L'Agent judicaire de l'Etat trouve également qu'en l'espèce, «le récépissé sus-évoqué ne mentionne aucunement que ladite association fait l'objet d'un agrément de la part du ministre de l'Intérieur. Il s'agit uniquement d'une reconnaissance de la constitution de l'association. Il s'ensuit que la demanderesse n'a pas produit, ni n'offre de produire l'agrément dont elle prétend bénéficier pour demander l'annulation du décret visé».
L'Agent judiciaire de l'Etat motive sa décision aussi par le fait que «l'élargissement de l'assiette foncière du nouveau département de Keur Massar était devenu une question d'utilité publique, eu égard aux importants travaux effectués dans la banlieue (BRT, les inondations, la pression foncière etc..). Qu'à cet égard, la zone des filaos décrite à l'article premier du décret attaqué constitue l'une des rares possibilités d'extension de la ville de Guédiawaye, ceinturée pour une bonne partie par la ville de Pikine».

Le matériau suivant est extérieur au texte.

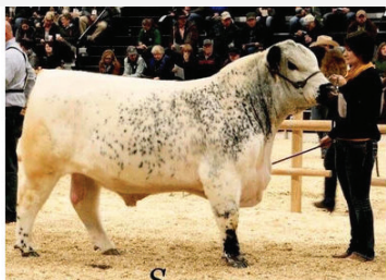
GRANDSIRE Outback Joey 25D

They don't get any better than this - INC Minefield 64L has the extra rib everyone wants, a hip the size of a Volkswagen and he moves as smooth as a stripper on the pole. 64L is so handsome, all the other bulls are jealous and the heifers bat their eyelashes at him whenever he walks by. You won't go wrong with this black Casanova.

Mieux, ajoute-t-il, «le Plan d'Urbanisme de détails (PUD) de Yeumbeul Nord, Malika, Tivaouane Peulh a été établi en collaboration avec les services techniques de Pikine, de Keur Massar et de Rufisque ainsi que les Collectivités territoriales et en cohérence avec les orientations générales fixées par le Plan Directeur d'Urbanisme de Dakar (PDU) et ses environs, horizon 2035». A signaler que la bande des filaos est une vaste étendue de forêt plantée en 1948. Elle permet de fixer les dunes de sable et protège la population de l'érosion côtière. Elle s'étend de Dakar à Saint-Louis.